例えば自動倉庫では、スタッカークレーンの稼働に必要な天井高が求められます。また、高層ラックを設置する場合には床荷重への対応も必要になります。加えて、搬送コンベヤやソーターなどの設備を設置する場合には、倉庫内の柱スパンや通路幅もレイアウト設計に影響します。
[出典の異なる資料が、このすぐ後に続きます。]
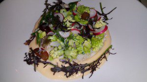 Peekytoe Crab with Romanesco Cauliflower, Red Crapes, Rutabaga Vichy

既存倉庫ではこれらの条件を満たさない場合もあり、設備導入の制約となるケースがあります。また、一度設備を導入するとレイアウトの自由度が低下するため、将来的な物流量の増減や業務変化への対応が難しくなる可能性もあります。物流自動化を計画する際には、倉庫スペックや建物構造を踏まえた設計が不可欠です。
設備トラブルによる業務停止リスク
物流自動化が進むほど、物流業務は設備への依存度が高くなります。そのため設備やシステムにトラブルが発生した場合、物流センター全体の業務に影響が及ぶ可能性があります。
例えば仕分けソーターや搬送コンベヤが停止した場合、出荷ライン全体が停止する可能性があります。また、自動倉庫が停止すると入出庫作業ができなくなるため、出荷遅延につながるリスクもあります。特にEC物流では出荷遅延が顧客満足度に直結するため、トラブル発生時の影響は小さくありません。
このため、物流センターでは設備の冗長化やバックアップオペレーションを設計しておくことが重要になります。また、設備メーカーによる保守契約や遠隔監視システムを導入するなど、安定稼働を前提とした運用体制の構築が求められます。
まとめ
物流の自動化技術の進歩ははやく、今回紹介した自動化設備以外にも続々と新たな発想の設備がマーケットに登場してきています。いずれの設備も得意・不得意な点がある為、選定・導入にあたっては個々の特徴と自社の運用のfit&gapを適切に行いましょう。加えて運用ルールマニュアルの作成などをしっかりと行うことにより物流の自動化によって得られるメリットの最大化につながるでしょう。